Такой акцент на ничтожности и слабости человека подразумевает, что у человека самого нет ничего, достойного любви и уважения. Это учение основано на ненависти и презрении к себе. Кальвин недвусмысленно говорит об этом: он называет себялюбие «чумой» [62] . Если человек обнаруживает нечто, «что доставляет ему удовольствие в себе самом», он предается греху себялюбия. Ведь эта любовь к себе сделает его судьей других и заставит презирать их. Вот почему любить себя или что-нибудь в себе есть один из величайших грехов. Себялюбие исключает любовь к другим [63] и есть почти то же, что эгоизм [64] .
Взгляды Кальвина и Лютера на человека оказали громадное влияние на развитие современного западного общества. Они легли в основу того положения, согласно которому счастье человека не есть цель его жизни, но что человек есть лишь средство, придаток к иным, высшим, целям – либо всемогущему Богу, либо не менее могущественным светским властям и нормам, государству, бизнесу, успеху.

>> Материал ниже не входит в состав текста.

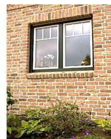
Ansicht mit Sonderausstattung

Die äußeren Fensterbänke, bei einer Verblendfassade, werden als Rollschicht gemauert, wahlweise werden die Sohlbänke der Terrassen- und Außentüren im Erdgeschoss mit Flachklinker belegt.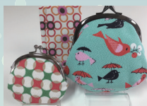
丹後ちりめんを使ったかわいいう小物達

Кант, который выдвинул принцип, что человек есть цель, а не средство [65] , и который был, по-видимому, наиболее влиятельным мыслителем эпохи Просвещения, тем не менее тоже осуждал себялюбие. Согласно Канту, желать счастья – добродетельно, а хотеть счастья для себя самого – нравственно безразлично, ибо это есть то, к чему стремится человеческая природа, а естественные стремления не могут иметь положительной нравственной ценности [66] . Кант все-таки допускает, что человек не должен отказываться от притязаний стать счастливым; при определенных обстоятельствах забота о собственном счастье может даже стать его обязанностью – частично потому, что здоровье, богатство и подобное могут стать средством, необходимым для исполнения долга, частично потому, что недостаток счастья – бедность – может помешать ему исполнить свой долг [67] . Но любовь к себе, стремление к собственному счастью никогда не могут быть добродетелью. В качестве нравственного принципа стремление к собственному счастью «наиболее предосудительно, не потому, что оно ошибочно… но потому, что определяемые им мотивы нравственного поведения таковы, что скорее снижают и сводят к нулю его возвышенность…»{26}.

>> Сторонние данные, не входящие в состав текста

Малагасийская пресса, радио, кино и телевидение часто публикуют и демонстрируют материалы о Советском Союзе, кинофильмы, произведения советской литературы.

Кант различал эгоизм, себялюбие, philautia – себялюбие благоволения – и удовольствие от себя самого, себялюбие удовольствия. Но даже «разумное себялюбие» должно ограничиваться нравственными принципами, удовольствие от самого себя должно быть подавлено, и человек должен прийти к ощущению своего смирения перед святостью моральных законов [68] . Человек должен видеть для себя высшее счастье в исполнении своего долга. Реализация морального закона – а следовательно, достижение собственного счастья – возможна единственно в составе целого – нации, государства. Но «благоденствие государства» – a salus reipublicae suprema lex est{27} – не совпадает с благоденствием отдельных граждан и их счастьем [69] .

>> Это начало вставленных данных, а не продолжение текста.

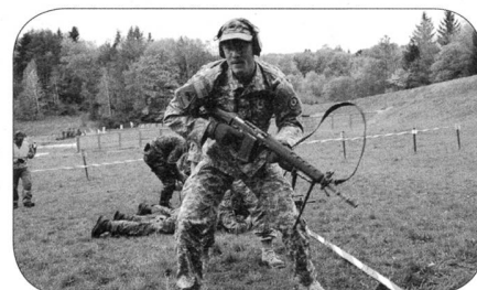
Der Posten «Pirelli» verlangte nach körperlicher Anstrengung eine sichere Waffenhandhabung.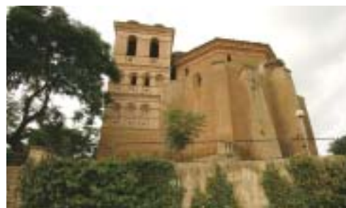
Iglesia de Polesino.

Los animales de caza menor se consumen con asiduidad: dos de los platos más sabrosos del lugar son la liebre a la abadesa y el conejo enterrado de Monegros, este último de costosa elaboración, ya que supone enterrar al conejo bajo tierra, bien protegido, sobre el que se prende fuego durante varias horas para que se haga poco a poco □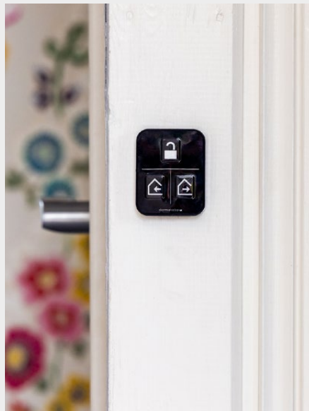
dKey Smart Hem-knapp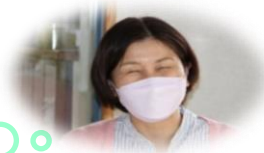
by 研修担当 香川

なんと素敵な心の持ち主だろうと、感動しました。“優しさの勉強”か…。本当の優しさってなんだろう。

Несмотря на то что Кант питал, безусловно, большее уважение к неприкосновенности личности, чем Кальвин и Лютер, он отрицал за человеком право протестовать даже в условиях наиболее деспотического правления: протест должен караться смертью, если он несет угрозу суверену [70] . Кант видел в природе человека врожденную склонность к злу [71] , для подавления которой необходим моральный закон, категорический императив, чтобы человек не превратился в зверя, а общество не вверглось бы в дикий хаос.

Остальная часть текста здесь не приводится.